After rolling the dice 60 times and counting the number of times each roll was rolled, the result was as follows.
Dice roll td> | 1 | 2 | 3 | 4 | 5 | 6 |
Number of occurrences td> | 17 | 10 | 6 | 7 | 15 | 5 |
At this time, let's test whether or not it follows the distribution of theoretical values (uniform distribution).
significance = 0.05
o = [17, 10, 6, 7, 15, 5] #Measured value
e = [10, 10, 10, 10, 10, 10] #Theoretical value
chi2, p = stats.chisquare(o, f_exp = e)
print('chi2 value is%(chi2)s' %locals())
print('The probability is%(p)s' %locals())
if p < significance:
print('Significance level%(significance)There is a significant difference in s' %locals())
else:
print('Significance level%(significance)There is no significant difference in s' %locals())
chi2 value is 12.4 The probability is 0.029699459203520212 At a significance level of 0.05, there is a significant difference
When the shipping grades of a vegetable grown by the A method and the B method are as shown in the table below, should we consider that there is a relationship between these growing methods and the product grade?
Excellent th> | Good th> | Yes th> | Total th> | |
---|---|---|---|---|
A method td> | 12 | 30 | 58 | 100 |
B method td> | 14 | 90 | 96 | 200 |
total td> | 26 | 120 | 154 | 300 |
#Exercise 4
#Unpaired t-test
significance = 0.05
X = [68, 75, 80, 71, 73, 79, 69, 65]
Y = [86, 83, 76, 81, 75, 82, 87, 75]
t, p = stats.ttest_ind(X, Y)
print('t value is%(t)s' %locals())
print('The probability is%(p)s' %locals())
if p < significance:
print('Significance level%(significance)There is a significant difference in s' %locals())
else:
print('Significance level%(significance)There is no significant difference in s' %locals())

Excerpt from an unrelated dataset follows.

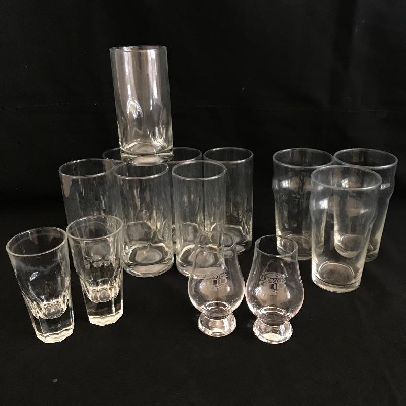Great lot for whatever your thirst craves! Two Glencairn whiskey glasses (engraved with World's End), two 5” vintage highball glasses, three pint glasses - perfect for Guinness or craft beers and seven 6” tall water glasses. See photos. No shipping.
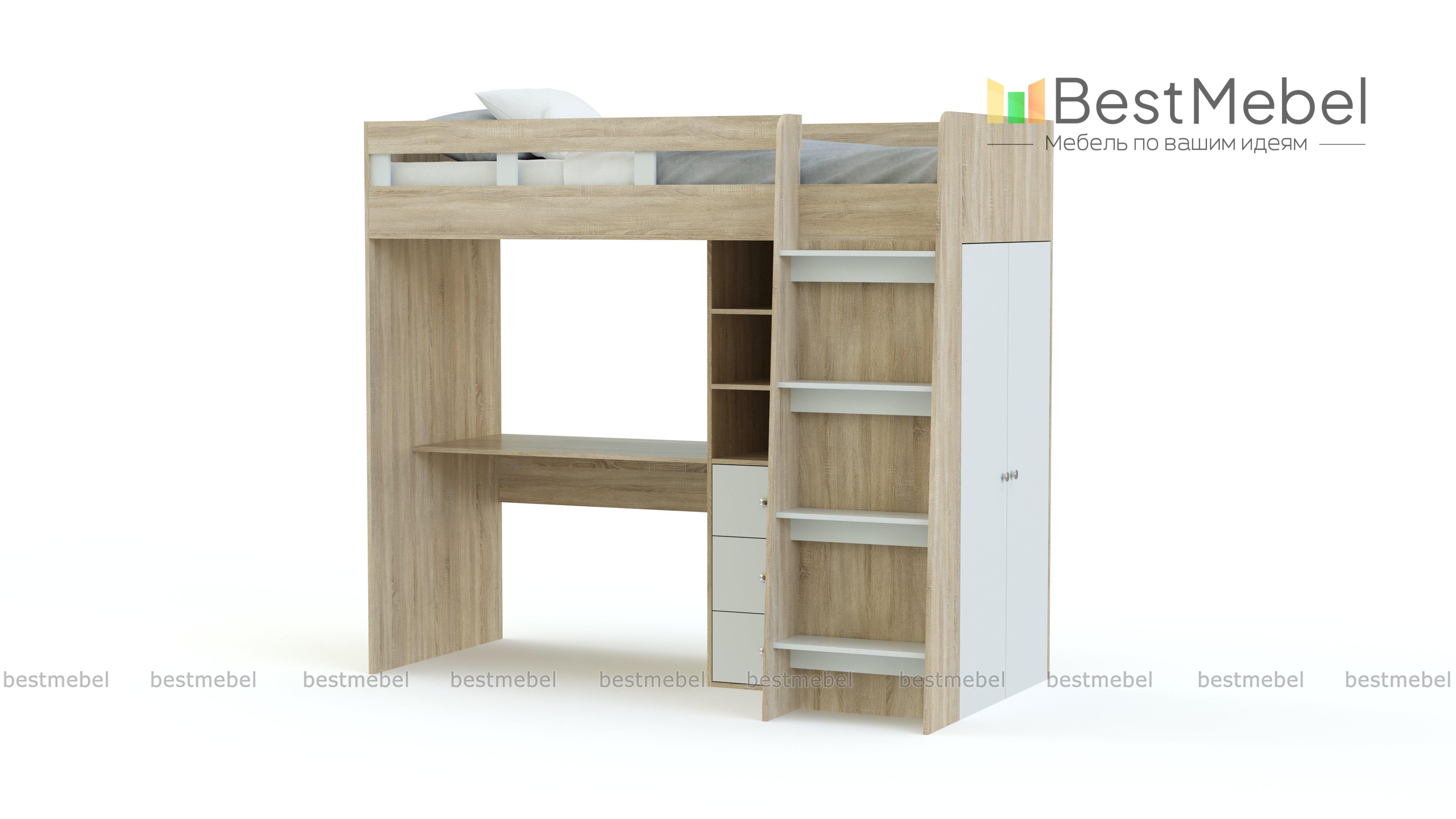 Детская кровать Голда 5 BMS поможет сэкономить полезную площадь комнаты и обеспечит ребенка не только удобным спальным местом, но и пространством для учебы и творческих занятий. На верхнем ярусе располагается кровать-чердак с защитным бортиком, нижняя представляет собой письменный стол, дополненный комбинированным стеллажом. С торца модели находится распашной шкаф для белья и одежды, а безопасность обеспечит устойчивая лестница. Купить детскую кровать Голда 5 BMS, подобрав наиболее подходящее цветовое решение, приглашаем в наш интернет-магазин.

The t value is -3.214043146821967 The probability is 0.006243695014300228 At a significance level of 0.05, there is a significant difference
The same math test was conducted in two classes, the 6th grade 1st class and the 6th grade 2nd class, and the scoring results were obtained. Please test if there is a difference in points between the two classes.

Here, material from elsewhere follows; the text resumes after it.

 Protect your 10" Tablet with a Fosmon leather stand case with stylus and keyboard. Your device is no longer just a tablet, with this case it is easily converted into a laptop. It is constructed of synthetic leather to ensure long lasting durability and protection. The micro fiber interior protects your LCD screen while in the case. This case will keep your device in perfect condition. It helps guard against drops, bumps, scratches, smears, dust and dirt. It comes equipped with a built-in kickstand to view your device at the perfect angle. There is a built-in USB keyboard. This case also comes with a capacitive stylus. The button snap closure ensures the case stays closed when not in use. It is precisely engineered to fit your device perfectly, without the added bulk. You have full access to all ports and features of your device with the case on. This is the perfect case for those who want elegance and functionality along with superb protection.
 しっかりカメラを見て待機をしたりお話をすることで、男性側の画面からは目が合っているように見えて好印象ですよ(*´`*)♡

6th grade 1 group th> | Score th> | 6th grade 2nd group th> | Score th> |
---|---|---|---|
1 | 70 | 1 | 85 |
2 | 75 | 2 | 80 |
3 | 70 | 3 | 95 |
4 | 85 | 4 | 70 |
5 | 90 | 5 | 80 |
6 | 70 | 6 | 75 |
7 | 80 | 7 | 80 |
8 | 75 | 8 | 90 |
class_one = [70, 75, 70, 85, 90, 70, 80, 75]

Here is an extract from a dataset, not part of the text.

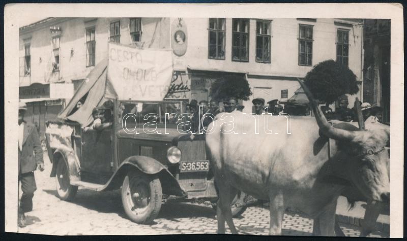 cca 1938 Léva, felvonulás a Mussolini utcán, autón szlovák nyelvű "cesta okolo sveta" (világkörüli utazás) felirattal, előtte szürkemarha, Hajdú Sándor (1905-1992) lévai fényképész felvétele, háttérben Hajdú Sándor műterme és üzlete az utca sarkán a háttérben félig takarva, vintage fotólap, 8x13,5 cm / cca 1938 Levice, parade in the Mussolini street, car with "cesta okolo sveta" sign on it, vintage photocard by photographer Sándor Hajdú (1905-1992) who was based in Levice, his studio and shop across the corner on the photo in the background, 8x13,5 cm

class_two = [85, 80, 95, 70, 80, 75, 80, 90]
#Exercise 5
#Paired t-test
significance = 0.05
X = [68, 75, 80, 71, 73, 79, 69, 65]
Y = [86, 83, 76, 81, 75, 82, 87, 75]
t, p = stats.ttest_rel(X, Y)
print('t value is%(t)s' %locals())
print('The probability is%(p)s' %locals())
if p < significance:
print('Significance level%(significance)There is a significant difference in s' %locals())
else:
print('Significance level%(significance)There is no significant difference in s' %locals())
The t value is -2.9923203754253302 The probability is 0.02016001617368161 At a significance level of 0.05, there is a significant difference
Please test if there is a difference between the national language and the math score.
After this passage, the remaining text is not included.